Мне ни в коем случае нельзя было открывать одну из причин своего желания сменить работу в Москве (нездоровье). Он, в свою очередь, старался представить дело так, что врачи ему не очень и нужны, хотя против меня лично он вроде бы ничего не имеет. Но я-то видел: нужны, ох, как нужны, и даже подумал, что не следовало бы мне, пожалуй, лезть в этот хомут, потому что завалят работой так, что и моя медсанчасть покажется отсюда богадельней. Но тут же будто что подхлестнуло: это мой единственный шанс. Начну перебирать да взвешивать и вообще не вырвусь из города.
Некоторые решения нужно принимать мгновенно. Я, слава богу, это понял и уже не раздумывая накатал заявление. А потом вышел из полутёмной конторы на белый свет и огляделся. Надо было всё-таки взглянуть, что же я выбрал себе на ближайшее обозримое будущее. До этого момента было как-то недосуг. Но теперь, млея под лучами почти уже весеннего февральского солнышка, я стоял как зачарованный. Ослепительный зимний день будто плавился в этих лучах. Со старых заснеженных елей, обступивших здание конторы, падали на её крышу тяжёлые капли. Видимо, недавно прошёл снегопад, и искрящаяся снежная пыльца сеялась с веток, с забора, с густо облепленных проводов, и уходящая вглубь парка аллея вся была просвечена этой пыльцой, а на скамейках лежали большие подушки подтаявшего снега. Праздный, смеющийся народ толпился у калитки, где из подъехавших «Жигулей» высаживалась весёлая подвыпившая компания.

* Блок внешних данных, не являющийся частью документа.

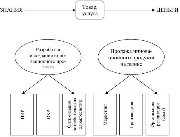 Процесс коммерциализации инновационной идеи – инновационный процесс – направлен на разработку и реализацию результатов научно-технических изысканий в виде нового продукта или нового технологического процесса. В общем плане инновационный процесс – это последовательная цепь событий, в ходе которой новшество «вызревает» от идеи до конкретного продукта, технологии или услуги и распространяется в хозяйственной практике (вводится в экономический оборот). Но инновационный продукт сначала необходимо получить (материализация инновационной идеи), а затем масштабно продать (потребительское распространение инновационного продукта). Таким образом, коммерциализация знаний (извлечение экономической выгоды) выполняется по формуле «ЗНАНИЯ – ТОВАР – ДЕНЬГИ» и включает следующие функциональные составляющие (рис. 2.3).

В тот момент я ещё не знал, что с момента моего вступления в должность между их праздностью и моей озабоченностью проляжет непроходимая черта. Не знал, конечно, и того, что это первый и последний зимний день, который мне суждено видеть на звенигородской земле. И, может, от этого незнания так свободно и легко было на сердце. В конце концов, свой выбор я сделал. Впереди ожидала новая, неизвестная жизнь. И как бы там она ни сложилась, всё равно: с гнетущей беспросветностью городского существования теперь покончено.
________
Новая жизнь началась для меня с телефонного звонка. Главный врач санатория Баранов справлялся, когда же я приступлю к работе. Хотя в ящике его стола лежало моё им же завизированное заявление, где значилось чёрным по белому, что приступить я должен с 20-го марта. До срока оставалось ещё две недели, в которые я лелеял надежду устроить себе давно выстраданную передышку. Но Баранов брал на пушку и знал, что со мной этот номер может пройти. Выяснив, что я успел уже рассчитаться на прежнем месте (о чём говорить, конечно, не следовало), он сразу же начальственно повысил голос: «Поймите, у меня больные. У нас некому вести больных. Если вы завтра же не выйдите на работу, я не несу перед вами никаких обязательств».
Наверное, он был по-своему прав, этот Баранов. Хотя, с другой стороны, никуда бы он не делся и через две недели. Собственно, то был экзамен на твердость характера (уход с прежнего места работы придавал некоторую зыбкость моему положению), и этого экзамена я не выдержал.
И вот теперь, вместо запланированного отдыха, предстояли пожарные сборы. О том, чтобы ехать всем сразу, не могло быть и речи. В отведенной нам комнате из предметов мебели присутствовал пока только один – железная кровать с панцирной сеткой. И чтобы где-то разложиться, решено было прихватить с собой старую книжную полку. Длинная полка еле влезала в такси, почти не оставляя места для заднего пассажира. Так мы и ехали втроём – Зоя, я и полка, оставив на этот день Виталика на попечение деда.
Что такое советский профсоюзный санаторий, может представить себе не тот, кто там отдыхал, а кто хотя бы неделю в нём проработал. И дело тут не в служебном статусе, а в существенно ином взгляде на вещи. Драгоценное свойство советского человека входить в чужое положение, а потому мириться с плохой работой транспорта, очередями в поликлиниках, грязью в городских столовых куда-то испарялось, едва он становился обладателем заветной соцстраховской путевки, о которой хлопотал несколько лет, унижался перед профкомовскими дамами, собирал медицинские справки и т.д.